Fees paid in 2023 to the
statutory and other auditors
In CHF
Statutory auditors | Other auditors | |
---|---|---|
Auditing services, total |
642'000 |
228'000 |
Additional services, total |
47'000 |
209'000 |
Tax consulting |
2'000 |
205'000 |
Legal consulting |
– |
4'000 |
Other services |
45'000 |
– |
Representatives of the statutory auditors attend all meetings of the Audit Committee for the discussion of certain items. Four meetings were held in 2023. At each meeting, the statutory auditors present a written report on the progress of their work. The core element of the auditors' reporting is the annual audit report with recommendations to the Audit Committee.

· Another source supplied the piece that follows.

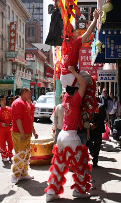 China Town–part of the dragon crew, reaching for some lettuce hanging in the door way? A strange practice I am unfamiliar with.

The supervisory body for the external statutory auditors is the overall Board of Directors. It conducts an annual evaluation of the statutory auditors. This is based on the following criteria:
Professional competence
Scope and quality of their written reports and verbal statements
Practicability of recommendations
Priority setting
Transparent and effective communication and coordination
Ability to meet deadlines
Independence
Fees
The members of the Board of Directors rely on the competencies and experience they have gained in similar roles with other companies, on the statutory auditors' reports as well as on the comments made by the Audit Committee. The responsibilities of the Audit Committee are defined in the chapter Internal organization.
4.9 Information policy
Datwyler maintains an open dialogue with all stakeholders. In the interests of shareholders, Datwyler especially fosters relationships with investors, banks and media representatives. Communication takes place through the Annual Report, Interim Report, Annual General Meeting and at least one press and analyst conference every year. Through press releases and on its website datwyler.com, Datwyler provides up-to-the-minute information on all important projects as required by the ad hoc publicity rules of SIX Swiss Exchange.
The ad hoc press releases are available in the archive on the website. On the website, interested persons can also register for the distribution list for the ad hoc announcements. Contact details as well as a financial calendar with the important dates are also available on the website. Official notices concerning Datwyler are published in the Swiss Official Gazette of Commerce. Notices and invitations to registered shareholders are made in writing.
Trading blackout periods
Datwyler has an insider trading policy that sets out, among other things, the general blackout periods for trading in Datwyler shares or other Datwyler securities during the preparation of the annual and half-year reports. The trading blackout periods apply to all employees who are involved in the preparation of the annual report and half-year report or who have access to the relevant figures or systems. Access to confidential information makes these employees insiders. In addition to the members of the Board of Directors and Executive Management, these are employees from the Finance, IT and Communications departments. The general trading blackout periods apply from 1 January to the date of publication of the annual report and from 1 July to the date of publication of the half-year report.
In the reporting year, the trading blackout periods therefore applied from 1 January 2023 to the morning of 8 February 2023 and from 1 July 2023 to the morning of 24 July 2023. The employees concerned are reminded twice a year by e-mail from the Chief Financial Officer of the legal basis, the general trading blackout periods and their duties as insiders. In the case of strategic projects that have the potential to significantly influence the Datwyler share price, the employees involved must sign a specific non-disclosure agreement including trading blackout periods. Failure to comply with the trading blackout periods has disciplinary consequences, up to and including dismissal. In principle, no exceptions to the trading blackout periods are granted.